**Problem to work on**: Starting at the line that holds "Arratia B eta" and stopping at the line that holds "Lemoako Harrobik datorren", restate the records below word for word, with both of those lines included.

**Data in this exercise**:
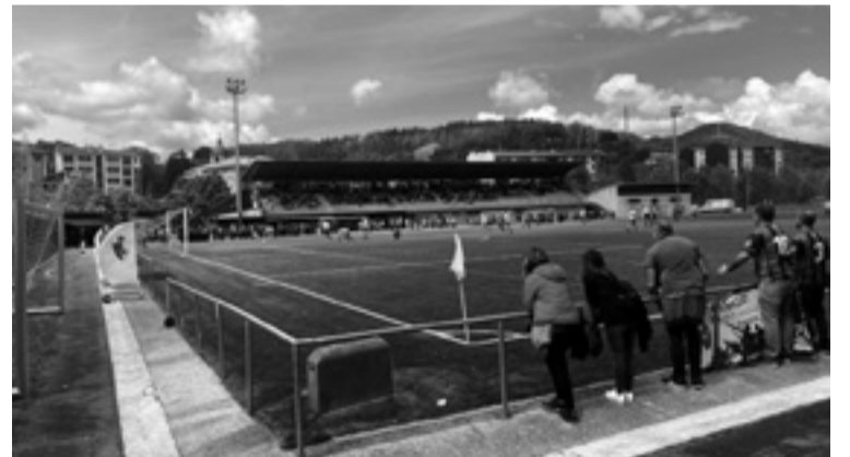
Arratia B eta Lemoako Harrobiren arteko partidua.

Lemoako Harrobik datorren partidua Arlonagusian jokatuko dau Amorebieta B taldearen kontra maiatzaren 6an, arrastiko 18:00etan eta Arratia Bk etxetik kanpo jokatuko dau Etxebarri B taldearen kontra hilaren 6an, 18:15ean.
...
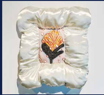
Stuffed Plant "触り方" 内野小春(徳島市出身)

**Response to this task**:
Arratia B eta Lemoako Harrobiren arteko partidua.

Lemoako Harrobik datorren partidua Arlonagusian jokatuko dau Amorebieta B taldearen kontra maiatzaren 6an, arrastiko 18:00etan eta Arratia Bk etxetik kanpo jokatuko dau Etxebarri B taldearen kontra hilaren 6an, 18:15ean.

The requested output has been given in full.